What you should do: Please output the line containing "Custom Men's Boxer" and all lines that follow it in the data below, exactly, with no pictures.

Recorded data:
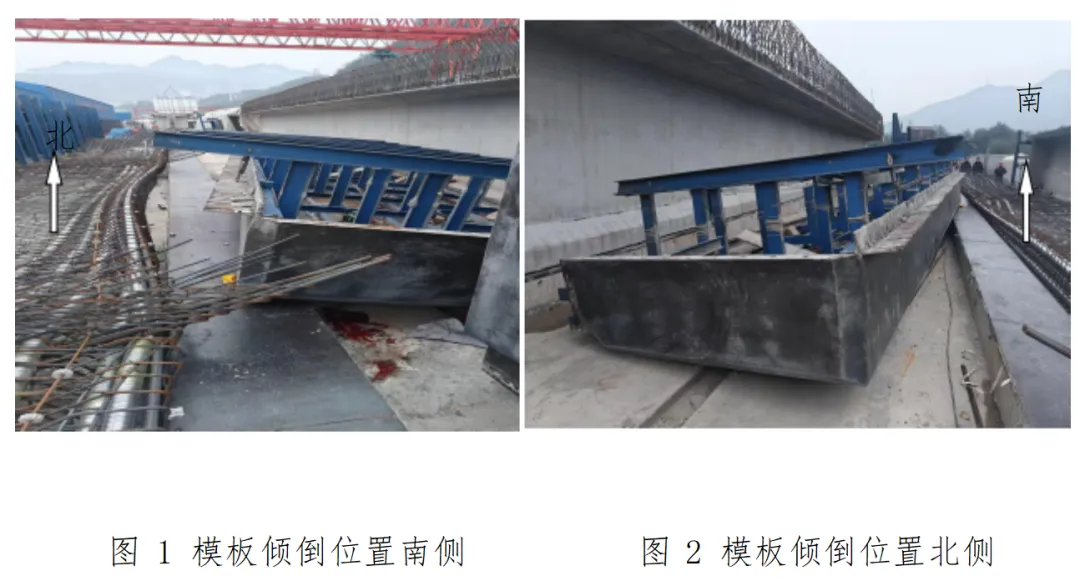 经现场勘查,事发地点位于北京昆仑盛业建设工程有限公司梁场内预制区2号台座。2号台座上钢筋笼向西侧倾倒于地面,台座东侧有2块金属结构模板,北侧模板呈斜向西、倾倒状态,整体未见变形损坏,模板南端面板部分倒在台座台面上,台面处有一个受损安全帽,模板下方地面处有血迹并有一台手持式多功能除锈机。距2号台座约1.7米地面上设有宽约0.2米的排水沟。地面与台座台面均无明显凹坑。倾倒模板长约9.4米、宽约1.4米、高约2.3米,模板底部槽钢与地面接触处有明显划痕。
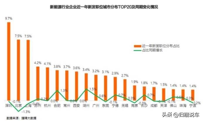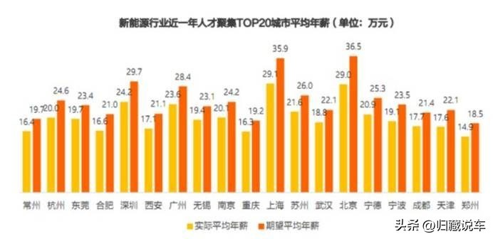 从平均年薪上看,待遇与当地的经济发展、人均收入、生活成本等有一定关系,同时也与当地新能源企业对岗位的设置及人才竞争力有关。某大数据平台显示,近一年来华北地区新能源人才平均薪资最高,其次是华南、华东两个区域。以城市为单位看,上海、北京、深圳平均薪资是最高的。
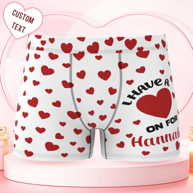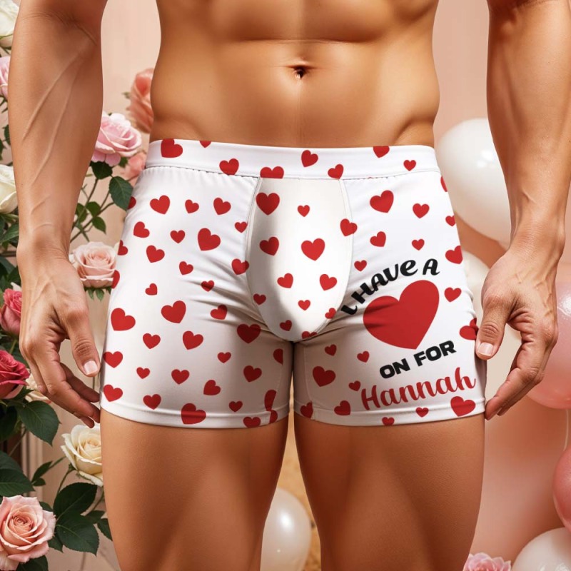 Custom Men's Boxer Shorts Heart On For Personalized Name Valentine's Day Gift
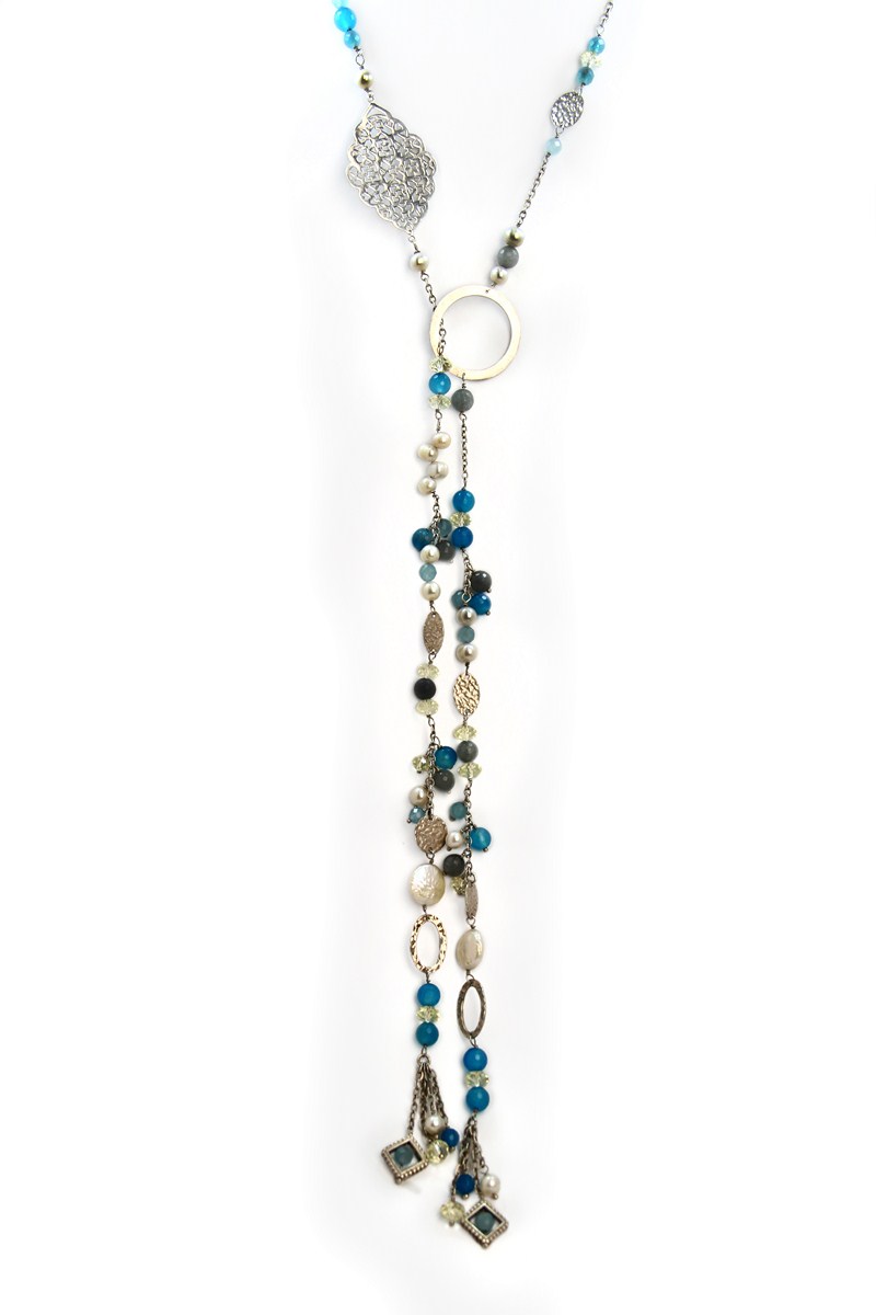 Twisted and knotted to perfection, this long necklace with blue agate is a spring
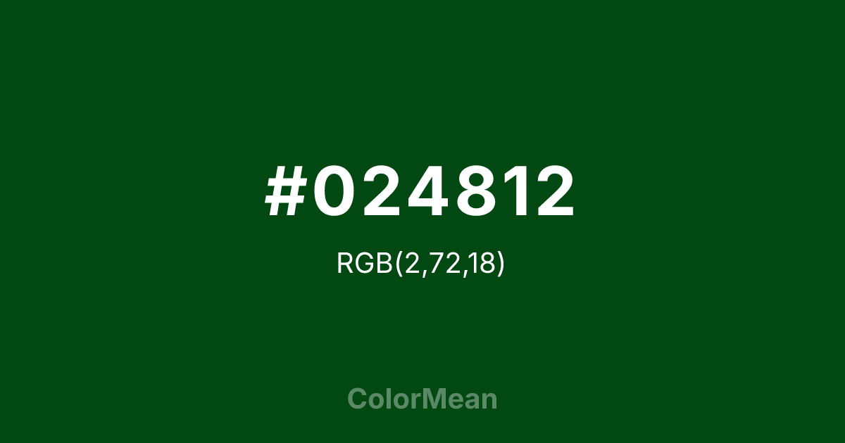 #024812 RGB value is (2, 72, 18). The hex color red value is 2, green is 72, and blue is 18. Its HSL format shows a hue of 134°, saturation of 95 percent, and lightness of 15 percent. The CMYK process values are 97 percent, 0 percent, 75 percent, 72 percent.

Response:
 Custom Men's Boxer Shorts Heart On For Personalized Name Valentine's Day Gift
 Twisted and knotted to perfection, this long necklace with blue agate is a spring
 #024812 RGB value is (2, 72, 18). The hex color red value is 2, green is 72, and blue is 18. Its HSL format shows a hue of 134°, saturation of 95 percent, and lightness of 15 percent. The CMYK process values are 97 percent, 0 percent, 75 percent, 72 percent.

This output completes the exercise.